May 24, 2024 — Lexicon Pharmaceuticals, Inc. announced a new post-hoc analysis of clinical data showing that INPEFA (sotagliflozin), a dual oral inhibitor of SGLT2 and SGLT1, reduced the risk of heart failure-related events across a diverse population of patients, including patients with preserved ejection fraction (HFpEF). Researchers noted that INPEFA appeared to be particularly effective in reducing the risk of heart failure events in patients with an obesity-related HFpEF phenotype. These findings, based on a pooled, patient-level analysis of data from the SOLOST-WHF and SCORED pivotal clinical trials, were presented today at the Annual Congress of the Heart Failure Association of the European Society of Cardiology (ESC) in Lisbon, Portugal.
Obesity and type 2 diabetes (T2D), along with a growing aging population, is contributing to the escalating prevalence of HFpEF. Recent data published in journals of the American College of Cardiology and the American Heart Association suggest that individuals with an obesity-related HFpEF phenotype represent a distinctive and clinically significant subgroup from those with standard HFpEF phenotype. This new analysis assessed the impact of obesity, along with sex and age, on the effects of INPEFA on the primary composite endpoint of cardiovascular (CV) death and heart failure (HF) events in patients with left ventricular ejection fraction (LVEF) ≥ 50%. Previously, SOLOIST-WHF and SCORED data demonstrated that INPEFA, a dual oral inhibitor of SGLT2 and SGLT1, is effective in reducing the risk of CV death and HF-related outcomes across the LVEF range.
Data from a total of 1,932 patients were included in the analysis (mean age: 69.9 years, mean BMI: 34.1 kg/m²; mean HbA1c:8.5%).

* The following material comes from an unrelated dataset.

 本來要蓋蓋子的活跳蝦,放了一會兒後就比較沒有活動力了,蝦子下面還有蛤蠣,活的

In this population, 18.1% of patients experienced a primary endpoint event. Males and females demonstrated comparable event rates, 18.3% and 18.0% respectively; however, older age (< 65: 10.9% vs. ≥ 65years: 20.3%) and higher BMI (< 30 kg/m²: 16.6% vs. ≥ 30 kg/m²: 18.7%) were associated with an increased number of patients at risk for primary endpoint events.

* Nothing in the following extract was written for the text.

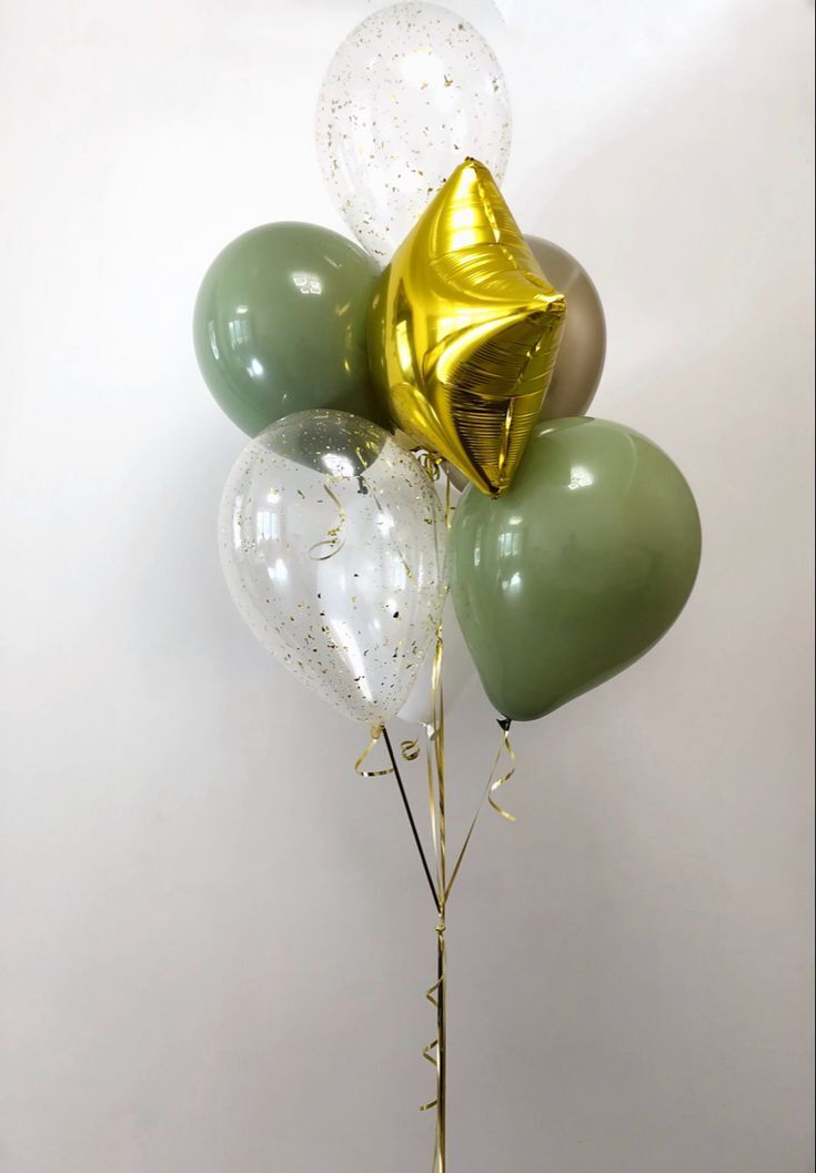 - Фонтан из шаров: фольгированая звезда, 2 однотонных шар, 1 шар хром, 2 шара с конфетти

Within the subgroup characterized by higher BMI, INPEFA therapy resulted in a favorable response for patients with BMI ≥ 30 kg/m² (p-value for interaction 0.038). Researchers also noted that both sex and age subgroups had a consistent response to INPEFA (p-value for interaction 0.818 and 0.393, respectively).

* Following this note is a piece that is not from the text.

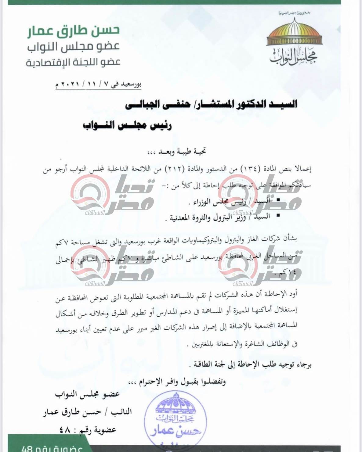 ناقشت لجنة الطاقة والبيئة بمجلس النواب، طلب الإحاطة المقدم من البرلماني حسن طارق عمار عضو مجلس النواب عن محافظة بورسعيد، والذي تقدم به ضد شركات البترول و الغاز و البتروكيماويات العاملة بغرب بورسعيد، بحضوراللواء عادل الغضبان بصفته محافظًا لبورسعيد، والمهندس حسام التونى نائب رئيس الهيئة العامة للبترول، والمهندس خالد موافى رئيس مجلس ادارة شركة بتروبل، وذلك إستجابة لمطالب النائب في طلب الإحاطة.

“This analysis underscores the importance of identifying patient risk factors such as age, sex, and obesity in patients with HFpEF and adds to the body of evidence differentiating INPEFA as a dual inhibitor of SGLT1 and SGLT2,” said Craig Granowitz, M.D., Ph.D., Lexicon’s senior vice president and chief medical officer. “Additionally, today’s data presentation further highlights the benefits of INPEFA in reducing the risk of heart failure-related events across a wide range of patients with HFpEF, including in patients with an obesity-related HFpEF phenotype.”